Guaraní, and more specifically its primary variety known as Paraguayan Guaraní, (IPA: /ɡwɑrəˈniː/; local name avañe'ẽ [aʋaɲẽˈʔẽ]), is an indigenous language of South America that belongs to the Tupí-Guaraní subfamily of the Tupian languages. It is one of the official languages of Paraguay (along with Spanish), where it is spoken by 94% of the population. It is also spoken by indigenous communities in neighbouring countries, including parts of northern Argentina, eastern Bolivia and southwestern Brazil. It is also treated as a second official language of the Argentine provinces of Corrientes and Misiones.

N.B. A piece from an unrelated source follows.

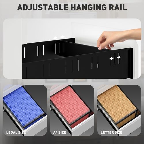 ● Adjustable rail in large drawer for A4, legal and letter-sized files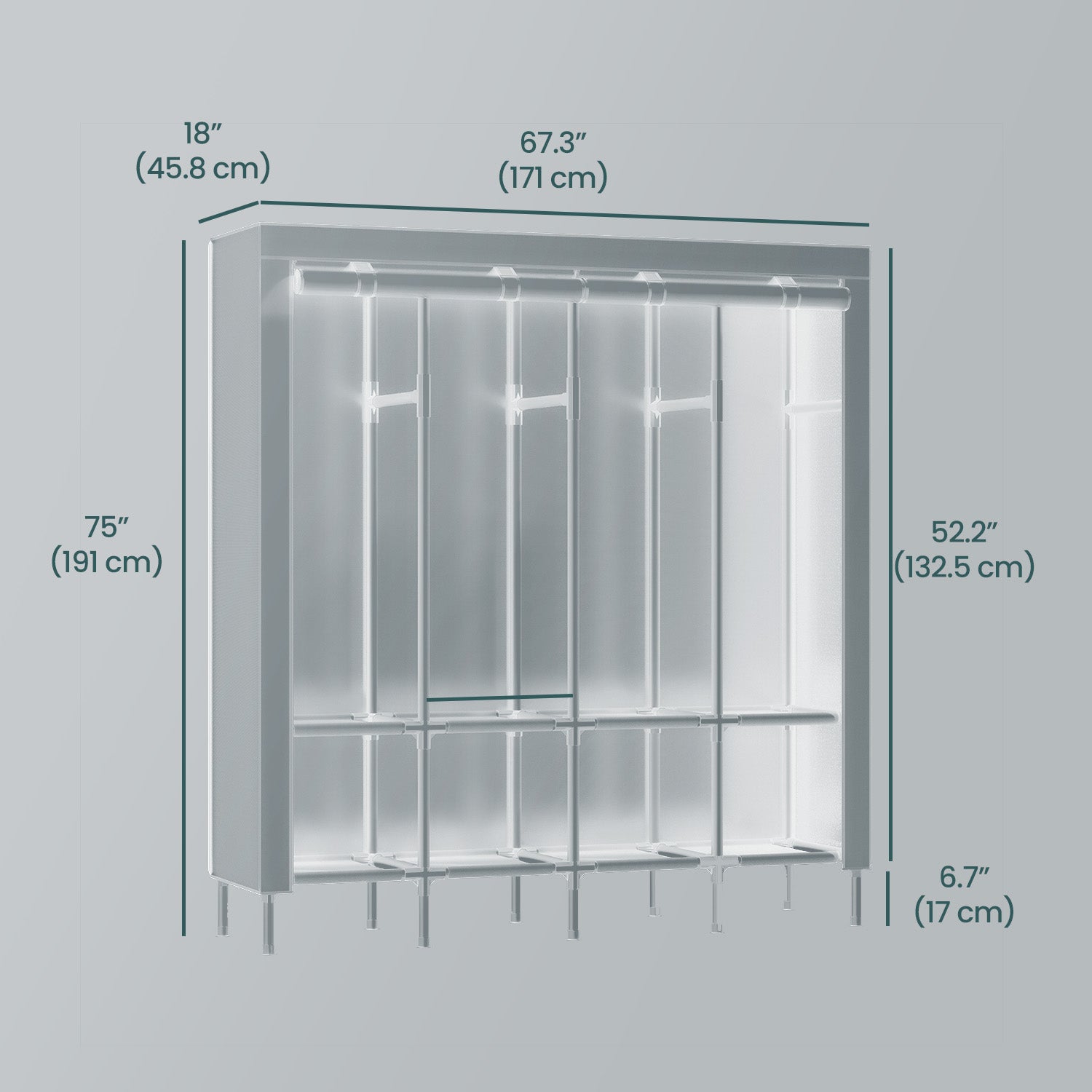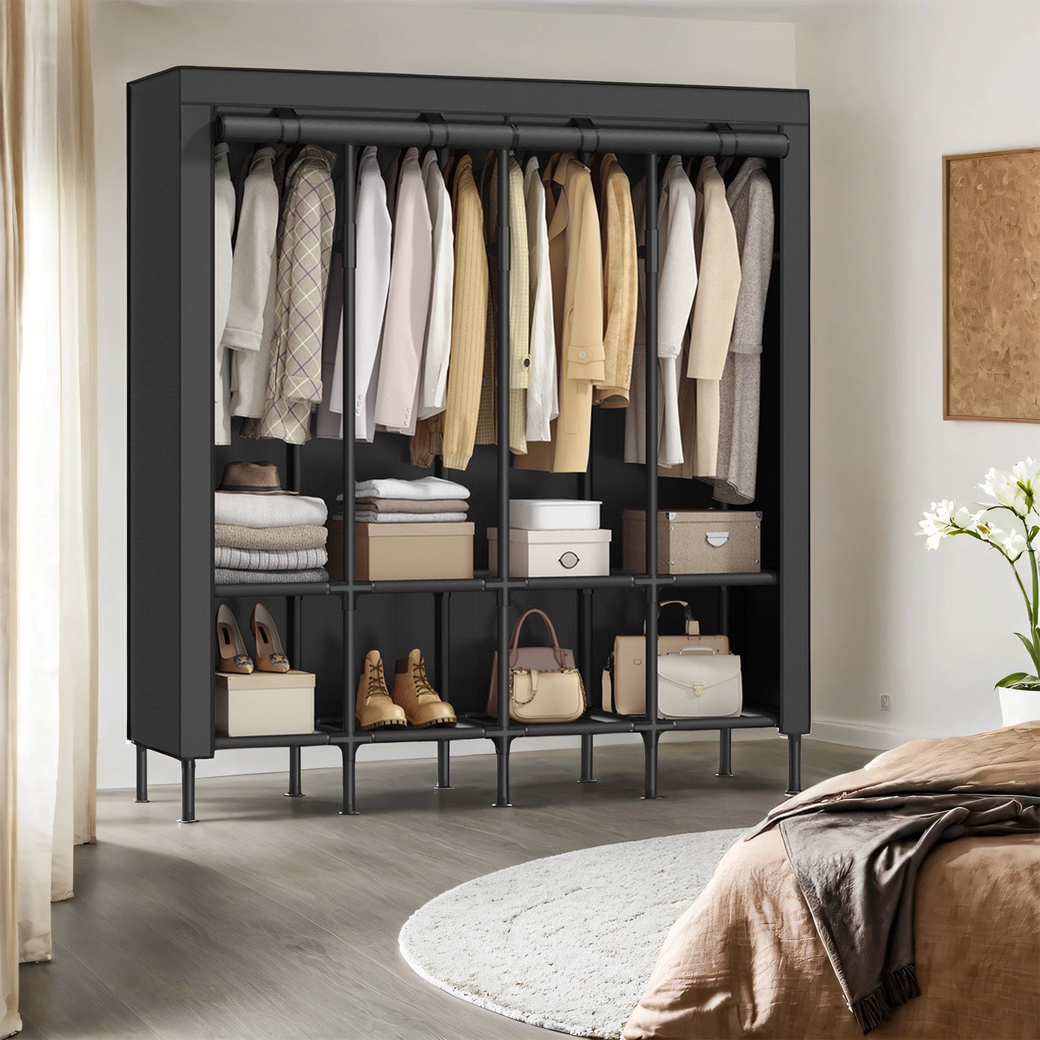Large Wardrobe Closet Organizer with 4 Rails & 8 Shelves, Freestanding Portable Clothing Rack with Fabric Cover, Ink Black

It includes a number of "dialects" now generally classified as distinct languages: Chiripá, Eastern Bolivian or Western Argentine Guaraní, Mbyá Guaraní, Paraguayan Guaraní, etc. Of these, Paraguayan Guaraní is by far the most important variety and it is often referred to simply as Guaraní.

Guaraní is the only indigenous language of the Americas whose overwhelming majority of speakers are non-indigenous people. This is an anomaly in the Americas where language shift towards more prestigious official languages (in this case, Spanish) has otherwise been a nearly universal cultural and identity marker of mestizos (people of mixed Spanish and Amerindian ancestry), and also of culturally assimilated, upwardly-mobile Amerindian people.

Jesuit priest Antonio Ruiz de Montoya, who wrote a book called Tesoro de la lengua guaraní ("The Treasure of the Guaraní Language"), described Guaraní as a language "so copious and elegant that it can compete with the most famous [of languages]."